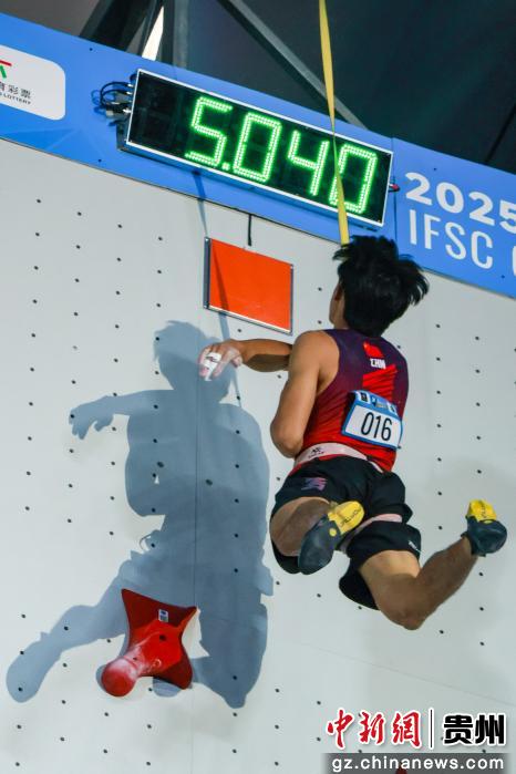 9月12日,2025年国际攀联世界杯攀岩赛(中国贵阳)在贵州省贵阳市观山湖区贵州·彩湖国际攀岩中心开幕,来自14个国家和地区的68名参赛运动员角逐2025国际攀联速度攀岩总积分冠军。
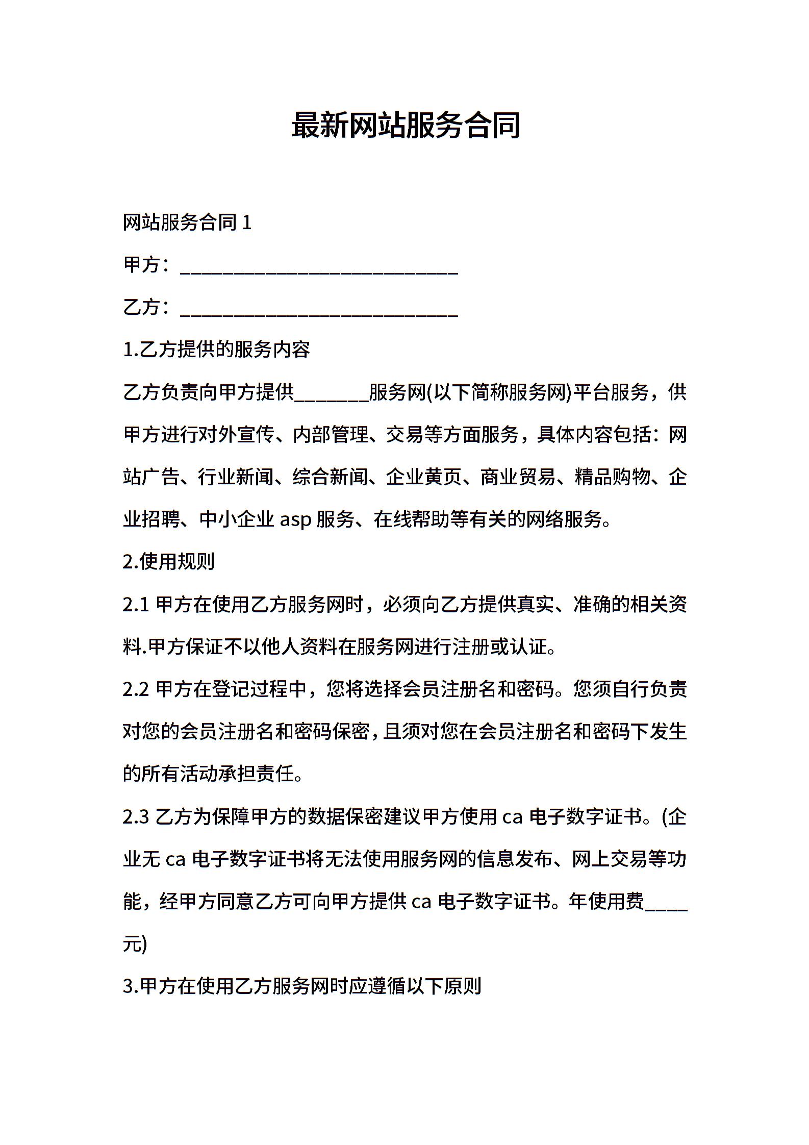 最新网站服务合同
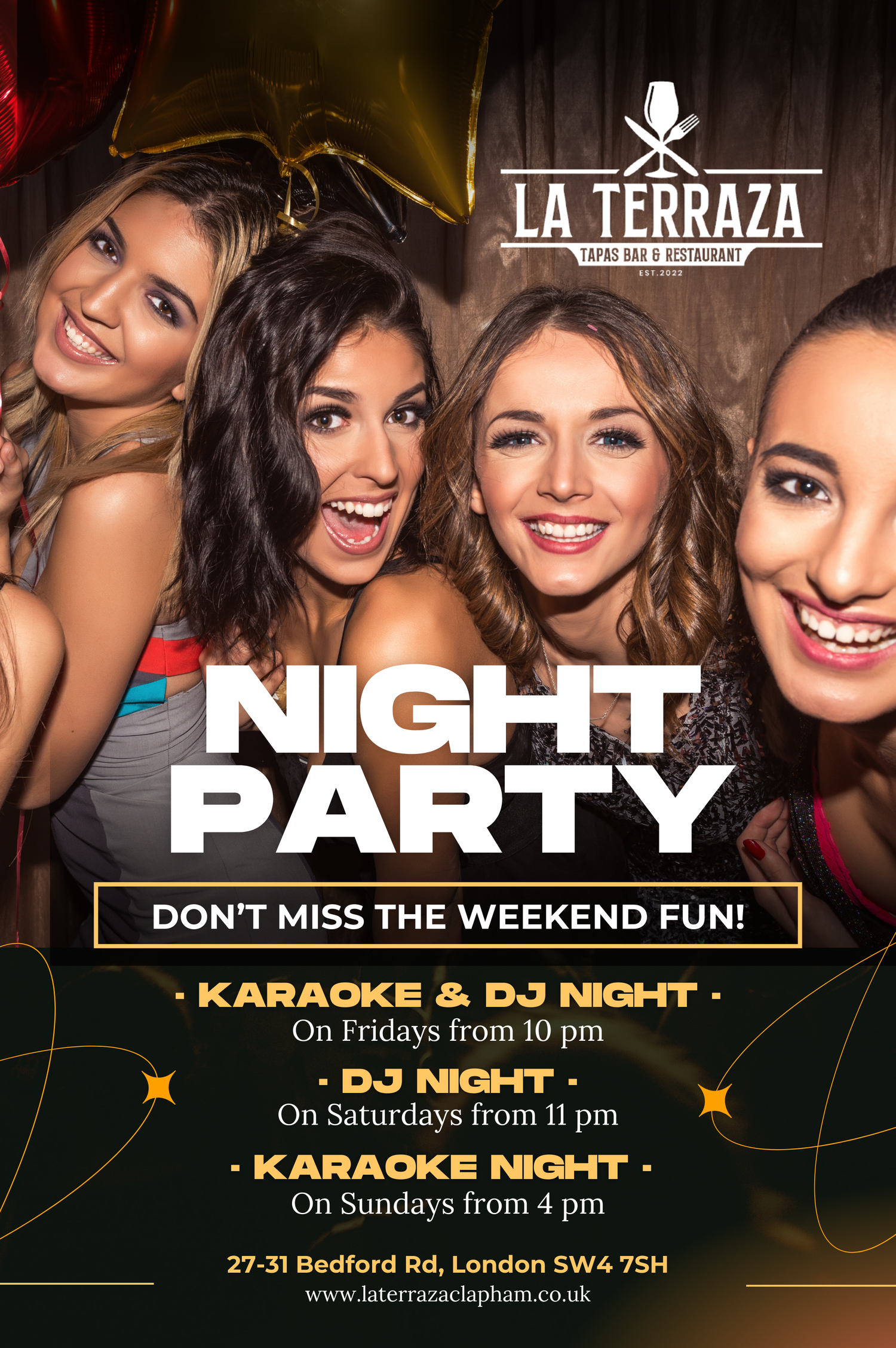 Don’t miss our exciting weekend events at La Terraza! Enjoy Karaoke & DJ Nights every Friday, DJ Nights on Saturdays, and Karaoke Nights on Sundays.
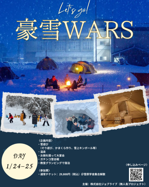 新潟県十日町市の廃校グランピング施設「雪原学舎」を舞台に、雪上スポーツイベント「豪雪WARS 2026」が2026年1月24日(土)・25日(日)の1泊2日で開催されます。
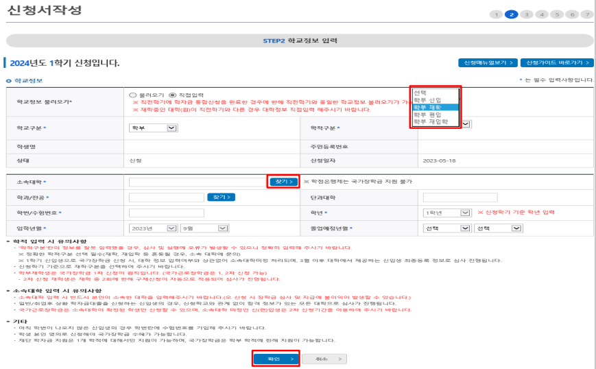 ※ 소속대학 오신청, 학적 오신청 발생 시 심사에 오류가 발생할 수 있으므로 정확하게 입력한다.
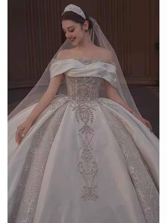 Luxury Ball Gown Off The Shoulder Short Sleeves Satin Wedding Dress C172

--

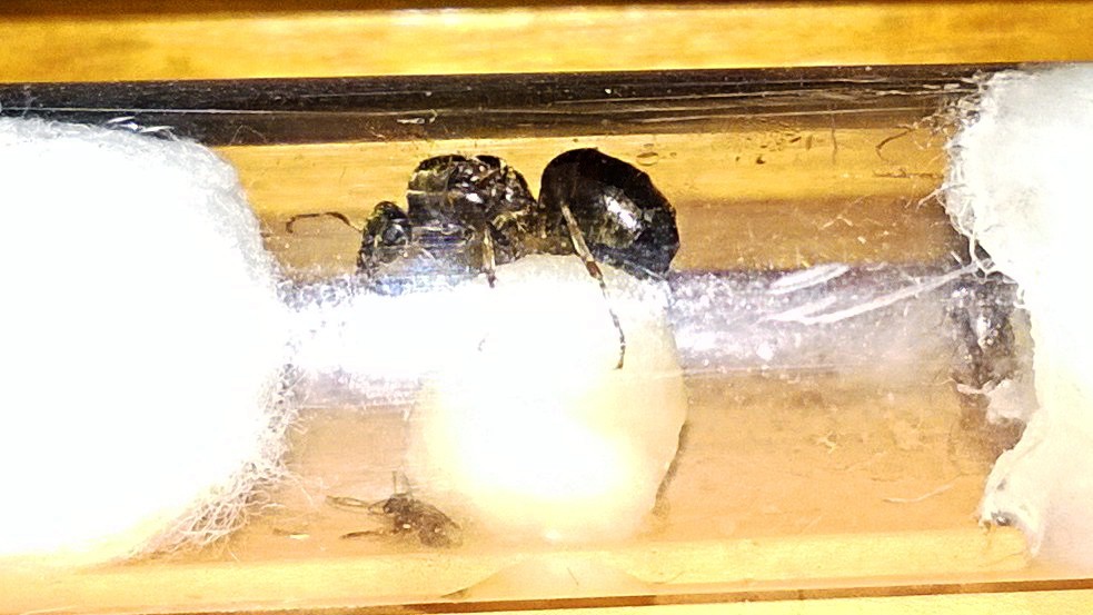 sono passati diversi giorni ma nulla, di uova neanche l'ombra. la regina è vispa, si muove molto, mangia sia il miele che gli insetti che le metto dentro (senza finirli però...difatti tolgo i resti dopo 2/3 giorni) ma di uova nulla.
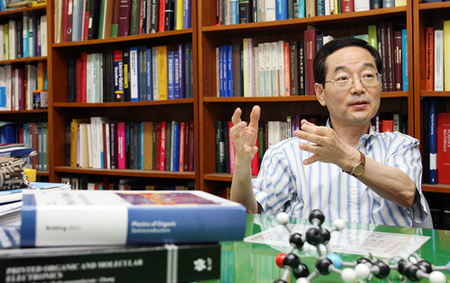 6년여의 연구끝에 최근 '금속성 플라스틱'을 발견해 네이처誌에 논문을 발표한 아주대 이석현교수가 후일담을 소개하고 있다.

--

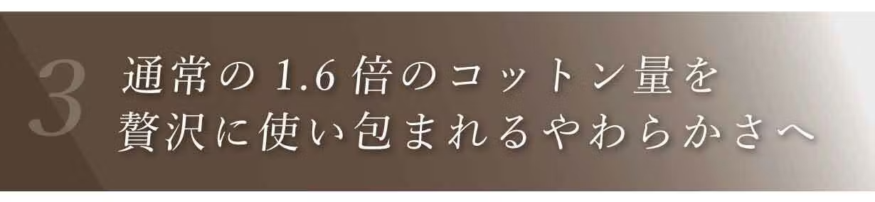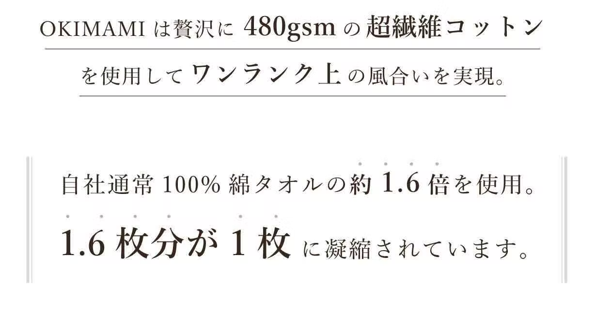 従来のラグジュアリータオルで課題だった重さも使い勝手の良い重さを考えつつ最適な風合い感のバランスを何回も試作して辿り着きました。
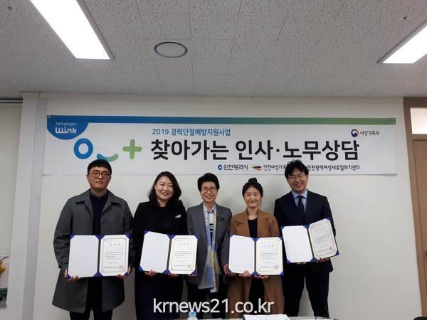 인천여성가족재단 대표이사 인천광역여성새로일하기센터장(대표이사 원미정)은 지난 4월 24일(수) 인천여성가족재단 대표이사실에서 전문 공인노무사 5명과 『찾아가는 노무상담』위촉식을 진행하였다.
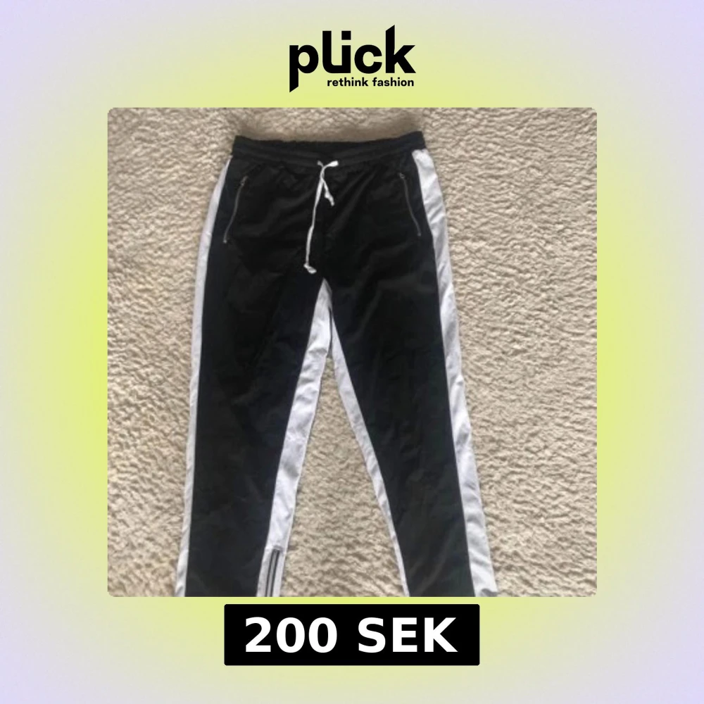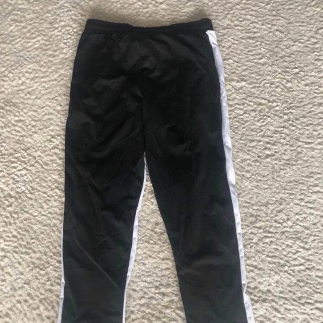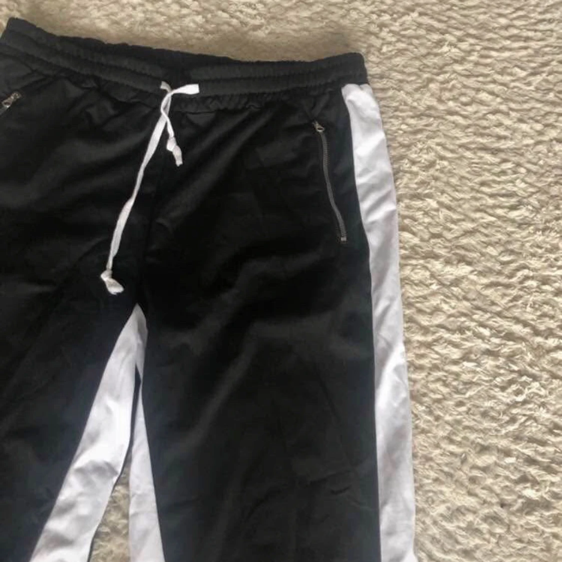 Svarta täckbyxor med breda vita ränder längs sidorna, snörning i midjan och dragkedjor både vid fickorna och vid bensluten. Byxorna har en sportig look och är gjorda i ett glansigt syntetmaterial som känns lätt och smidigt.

PROBLEM DETAILS — Only the lines starting at the one that includes "9月12日,2025年国际攀" and ending at the one that includes "Luxury Ball Gown" should be retyped, exactly, from the records above; no pictures.

OUTPUT OF THE EXERCISE —
 9月12日,2025年国际攀联世界杯攀岩赛(中国贵阳)在贵州省贵阳市观山湖区贵州·彩湖国际攀岩中心开幕,来自14个国家和地区的68名参赛运动员角逐2025国际攀联速度攀岩总积分冠军。
 最新网站服务合同
 Don’t miss our exciting weekend events at La Terraza! Enjoy Karaoke & DJ Nights every Friday, DJ Nights on Saturdays, and Karaoke Nights on Sundays.
 新潟県十日町市の廃校グランピング施設「雪原学舎」を舞台に、雪上スポーツイベント「豪雪WARS 2026」が2026年1月24日(土)・25日(日)の1泊2日で開催されます。
 ※ 소속대학 오신청, 학적 오신청 발생 시 심사에 오류가 발생할 수 있으므로 정확하게 입력한다.
 Luxury Ball Gown Off The Shoulder Short Sleeves Satin Wedding Dress C172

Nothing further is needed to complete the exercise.